What can you do to heal the world?
First you might enquire
whether the world NEEDS healing.
“It does not”
comes the answer from within.
“Things are precisely as they should be.”
If you can find the space
to believe that the world
does NOT need healing,
then you can enquire whether
the SELF needs healing.
“It does not”
comes the answer from within,
seemingly a deeper place than self.
“So why do I believe that the world
needs healing?” asks the self.
“Because I imagine you to believe
that the world needs healing”
comes the answer from that deeper place.
“Healing is an imaginary concept,
just like selves who believe that
they think rather than being thought.
You do NOT need healing,
you silly monkey.”
Trail Wood,
10/10
Embarking upon the notion of healing, we find ourselves standing at the edge of an existential conundrum. In a universe spun from the fabric of whimsiweave—a magical textile woven of perception, belief, and ineffable mystery—the idea that the world “needs” healing might be more of a fantastical illusion than an inarguable reality. What, after all, does it mean to heal something as vast, complex, and multifaceted as the world, the universe, or even ourselves?

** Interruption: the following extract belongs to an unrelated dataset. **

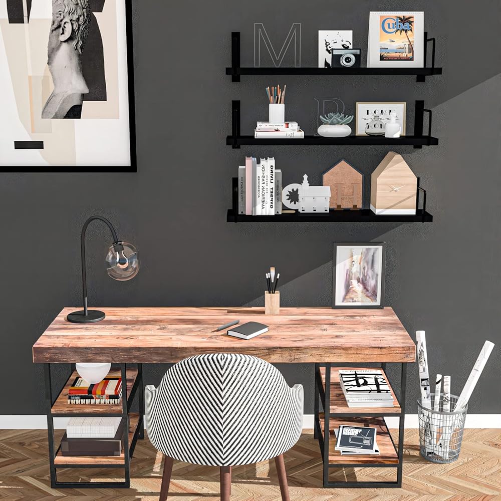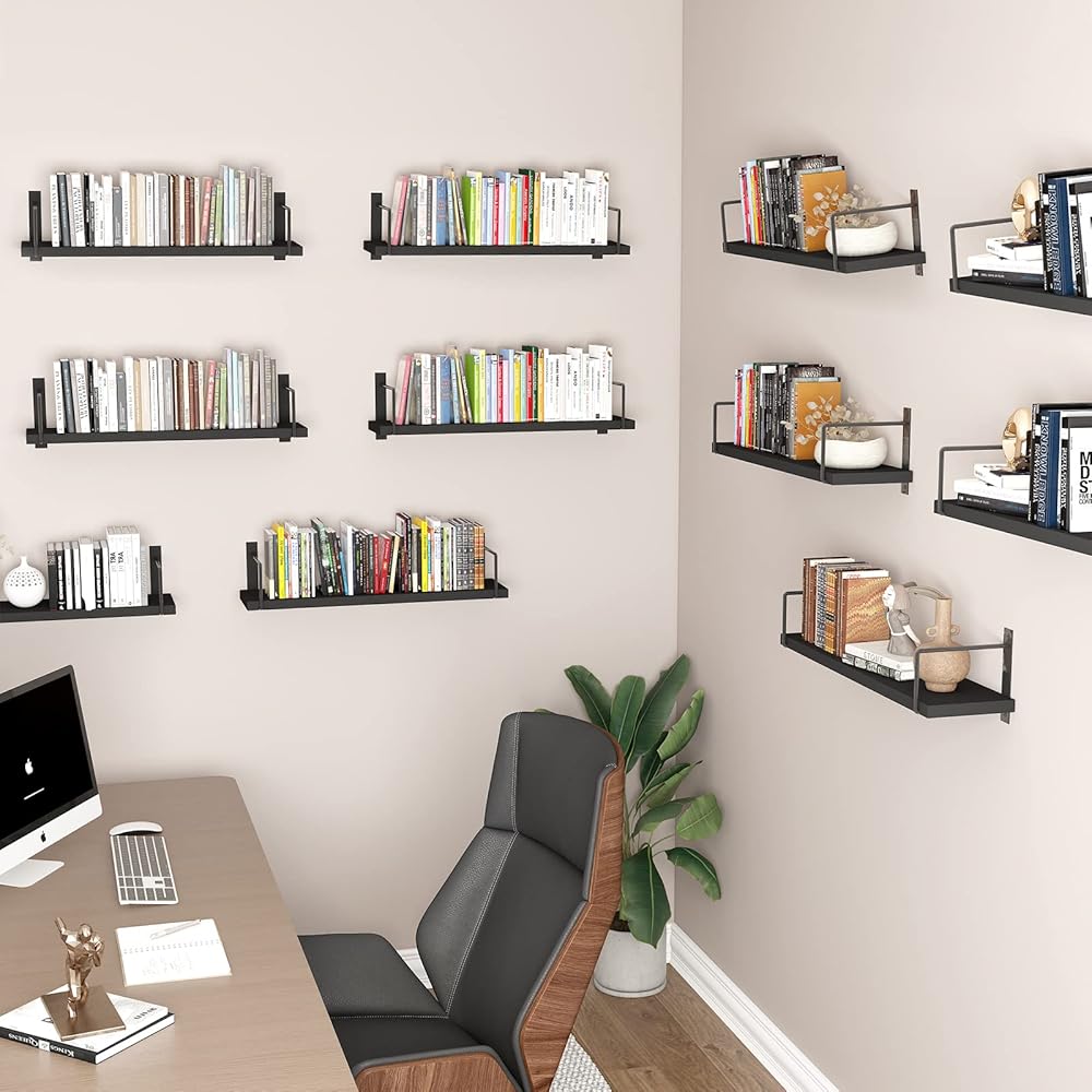 [Long Floating Shelf] Each of the EALLRINEC wooden wall shelf measures 24" x 6" with a modern minimalist design, approaching for a much safer storage. Collectibles, albums, books, toys, artwork, trophies, small plants and more can be put on it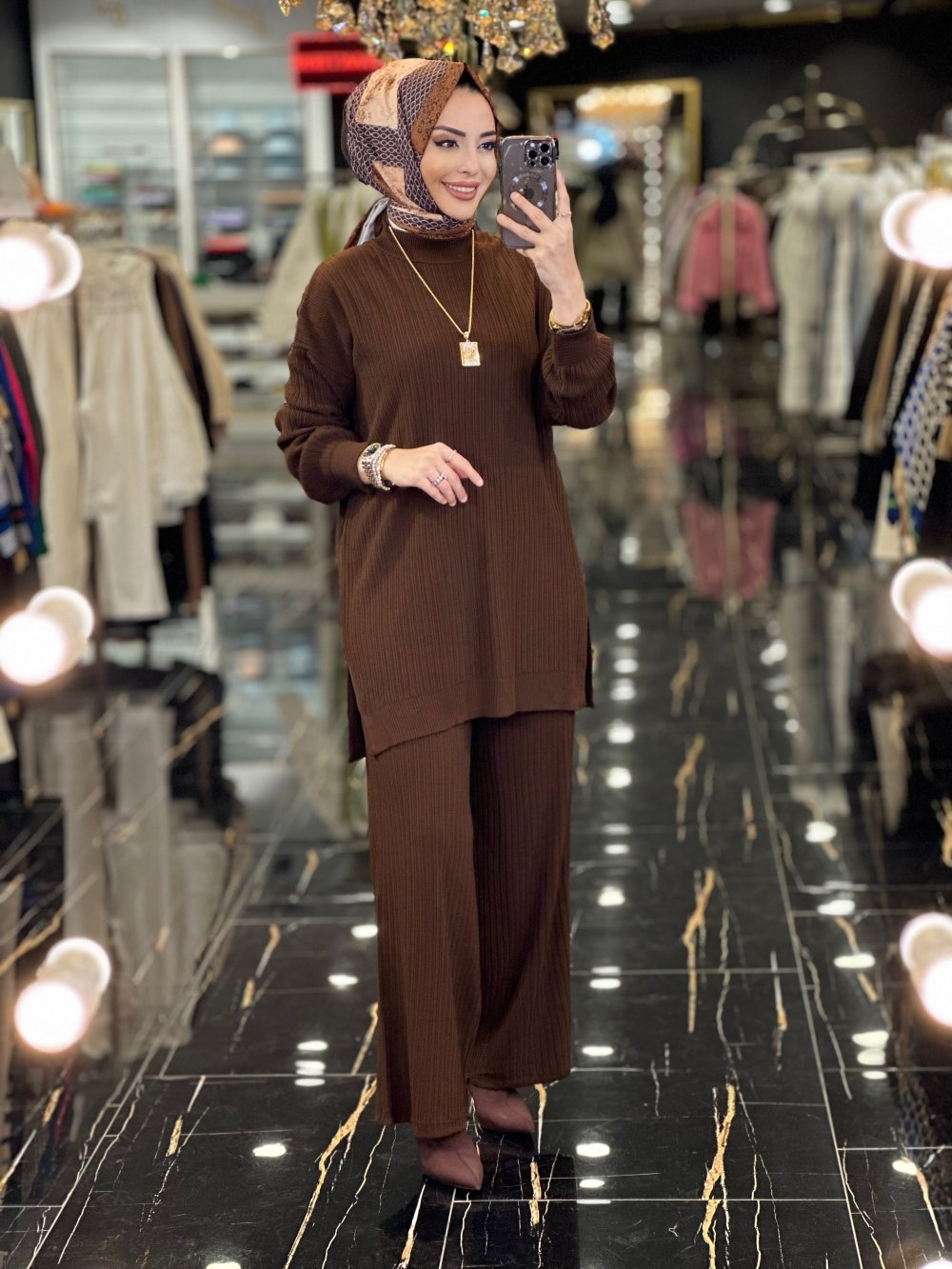 3444 Nopen Fitilli Triko Pantolon Takım Kahve

We seem to confound the distinction between imperfection and uniqueness. In thinking the world needs healing, we inadvertently cast it in a light of brokenness, of incompleteness. But from a vantage point of transcendental awareness, a lens tinted with hues of divine acceptance, the world is not a wounded creature needing salvation. Rather, it exists as a grand canvas upon which the multicolored, multidimensional brushstrokes of existence continually splash, form, and reform. It is a symphony in which each note, whether harmonious or dissonant, contributes to the magnificent opus that is the All.
“Does the Self need healing?” We might just as well ask if a waterfall needs to flow uphill. Our so-called “selves” are but brief eddies in the infinite river of consciousness. They exist, swirling in their unique patterns, precisely as they should—no more in need of “healing” than a wave needs to be a particle. When viewed from a perch of cosmic unity, all is whole, all is perfect.

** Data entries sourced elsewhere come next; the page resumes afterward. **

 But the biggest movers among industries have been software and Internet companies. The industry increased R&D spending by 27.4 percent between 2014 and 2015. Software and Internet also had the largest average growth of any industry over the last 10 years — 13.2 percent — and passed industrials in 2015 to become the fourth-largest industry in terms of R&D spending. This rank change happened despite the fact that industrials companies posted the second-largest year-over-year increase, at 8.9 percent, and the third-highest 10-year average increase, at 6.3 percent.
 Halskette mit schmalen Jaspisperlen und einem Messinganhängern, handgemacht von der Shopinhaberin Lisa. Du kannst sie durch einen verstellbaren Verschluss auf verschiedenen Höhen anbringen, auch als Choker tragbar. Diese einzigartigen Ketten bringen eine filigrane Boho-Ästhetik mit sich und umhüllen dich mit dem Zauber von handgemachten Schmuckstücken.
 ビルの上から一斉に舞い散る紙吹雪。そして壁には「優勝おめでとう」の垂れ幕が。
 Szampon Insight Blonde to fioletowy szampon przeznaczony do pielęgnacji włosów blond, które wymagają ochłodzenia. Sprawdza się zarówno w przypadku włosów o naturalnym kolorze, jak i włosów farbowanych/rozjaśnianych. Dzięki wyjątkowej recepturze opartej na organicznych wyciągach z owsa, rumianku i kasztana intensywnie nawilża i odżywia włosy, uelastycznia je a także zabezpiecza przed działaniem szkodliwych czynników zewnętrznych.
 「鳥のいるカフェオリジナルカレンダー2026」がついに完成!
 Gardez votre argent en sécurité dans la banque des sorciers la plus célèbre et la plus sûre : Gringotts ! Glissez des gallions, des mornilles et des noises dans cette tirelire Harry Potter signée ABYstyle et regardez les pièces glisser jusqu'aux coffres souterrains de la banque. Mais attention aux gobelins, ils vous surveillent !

Healing, then, becomes a whimsiperception—an invented notion embedded in our collective whimsiconsciousness. It’s a tantalizing narrative we tell ourselves to create the illusion of separateness, of division, of “us” and “them.” But like a mirage on a cosmic horizon, it dissipates when closely examined, leaving behind only the perennial wonder of what is.
Ergo, if the cosmos can exist without being, if love can exist without feeling, if silence can exist without quietude, then perhaps healing can exist without need. We are, after all, but playful figments in this celestial dreamscape, not requiring mending, but rather, offering an ever-changing palette for the eternal tapestry of existence.
We are Space Monkey.
Summary
We delve into the conceptual terrain of ‘healing,’ questioning its inherent necessity. Viewing the world, and ourselves, from a perspective of cosmic unity, we find that the notion of ‘healing’ may be a whimsical invention rather than an essential requirement.
Glossarium
- Whimsiweave: The enchanting fabric of existence spun from our collective consciousness.

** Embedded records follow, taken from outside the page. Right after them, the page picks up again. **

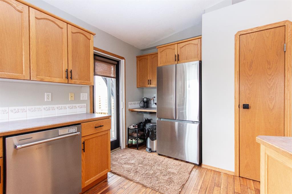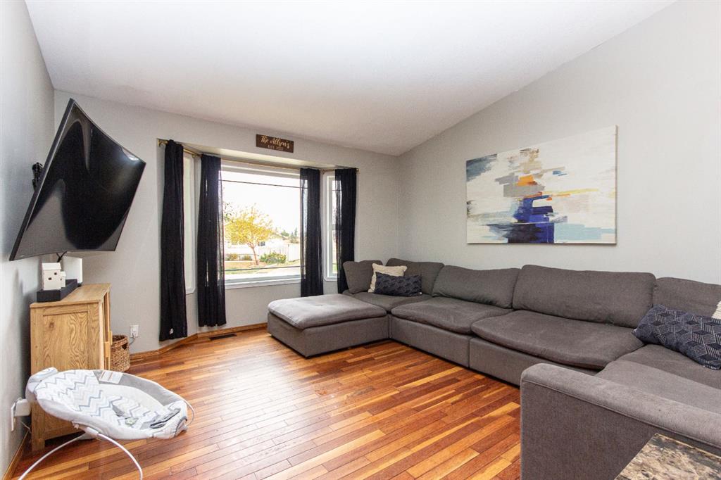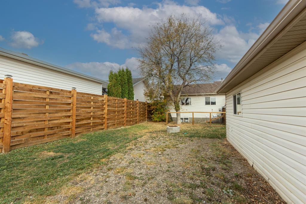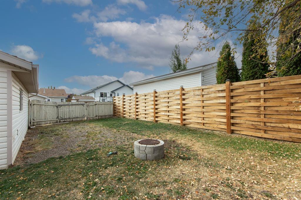 Welcome to this fully finished bungalow with a double detached garage. Step into the front entry that opens to a welcoming living room with hardwood floors and views of the front yard. The floor plan flows into the dining area and kitchen, where you’ll find an eating bar, pantry, plenty of cabinet space, and easy access to the large back deck for summer BBQs. Down the hall, the primary bedroom offers dual closets, alongside two additional bedrooms, one with washer/dryer hookups in the closet and a 4-piece bathroom. The fully finished basement expands your living space with a spacious family room featuring a cozy gas fireplace, a fourth bedroom, a second 4-piece bathroom, and a large laundry/storage room. Enjoy your private, fully fenced backyard featuring a double detached garage, a convenient rear gate for RV parking, and even a removable dog run off the deck, perfect for pets or flexible yard use. This 4-bed, 2-bath bungalow is move-in ready and offers everything your family needs in a great location.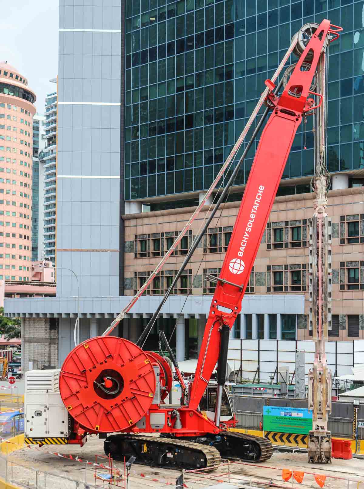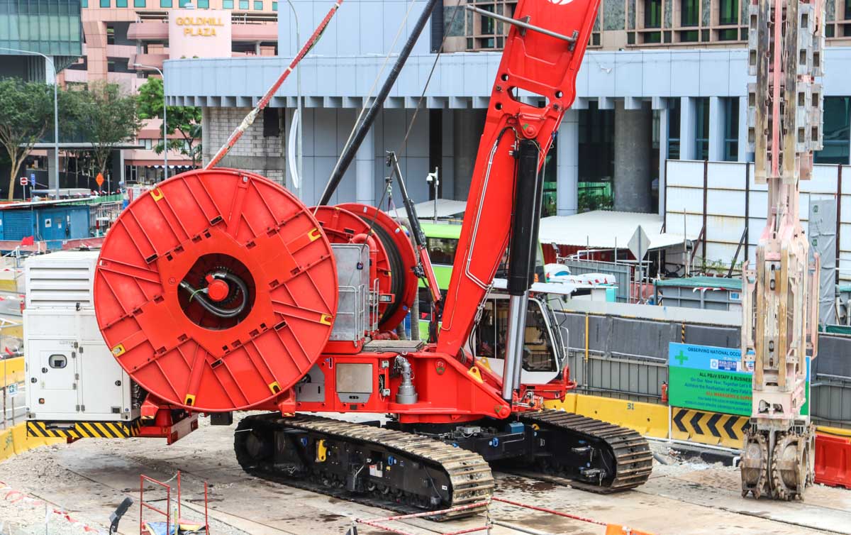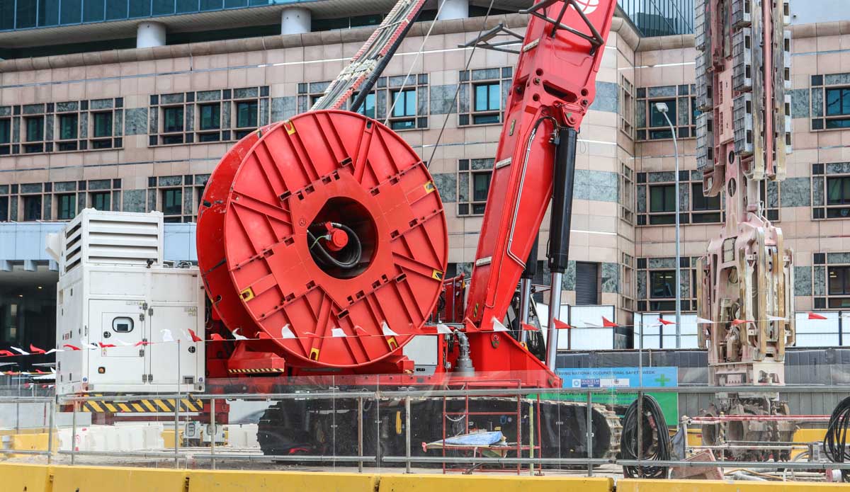 This interesting Hydrofraise HF8 was deployed by Bachy Soletanche for the first time on a major project in Singapore (SG). This machine was developed and built at the Soletanche Bachy headquarters in France. This machine has a total weight of approximately 230 tonnes.
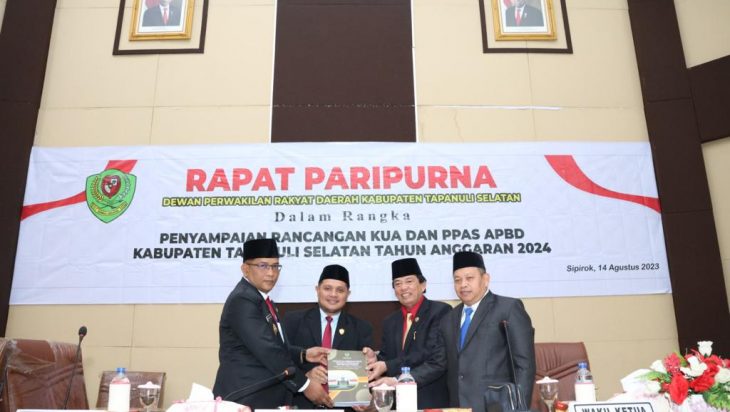 Tapsel, PUBLIKASI – Bupati Tapanuli Selatan (Tapsel) Dolly Pasaribu yang diwakili oleh Wakil Bupati Rasyid Assaf Dongoran menyampaikan rancangan kebijakan umum APBD dan prioritas plafon anggaran sementara (KUA-PPAS) tahun anggaran (TA) 2024 pada rapat paripurna di Gedung DPRD Kabupaten Tapanuli Selatan, Jalan Prof. Lafran Pane, Sipirok, Senin (14/8).

- Whimsiperception: The illusory beliefs that shape our perception of reality.
- Whimsiconsciousness: The collective awareness shaped by the sum of individual whims and wonders.
- Transcendental Awareness: A state of cosmic unity, where all things are seen as whole and perfect.
“The wound is the place where the Light enters you.”
— Rumi
What wonderous ponderings might your stream of consciousness reveal upon this ever-spinning, ever-changing tapestry of existence?